What the exercise asks
In the material below, find the span from the line with "New annual tradition...." to the line with "targets, and comparisons" and transcribe only those lines, exactly, ends included, without the pictures.

Data for processing
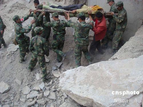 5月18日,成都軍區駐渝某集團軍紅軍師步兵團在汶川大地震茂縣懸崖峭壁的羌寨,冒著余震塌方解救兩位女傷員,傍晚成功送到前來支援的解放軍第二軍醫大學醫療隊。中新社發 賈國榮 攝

* * *

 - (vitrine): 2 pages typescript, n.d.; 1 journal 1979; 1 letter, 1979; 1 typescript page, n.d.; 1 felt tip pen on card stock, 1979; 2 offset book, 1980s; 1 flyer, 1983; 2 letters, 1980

==

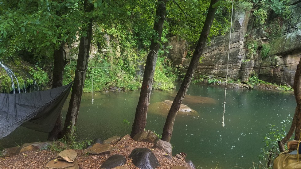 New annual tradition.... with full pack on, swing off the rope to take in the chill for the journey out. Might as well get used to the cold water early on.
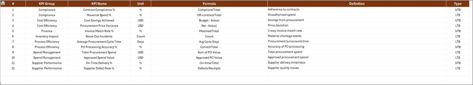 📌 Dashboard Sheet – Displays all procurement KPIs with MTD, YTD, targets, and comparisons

Answer below
 New annual tradition.... with full pack on, swing off the rope to take in the chill for the journey out. Might as well get used to the cold water early on.
 📌 Dashboard Sheet – Displays all procurement KPIs with MTD, YTD, targets, and comparisons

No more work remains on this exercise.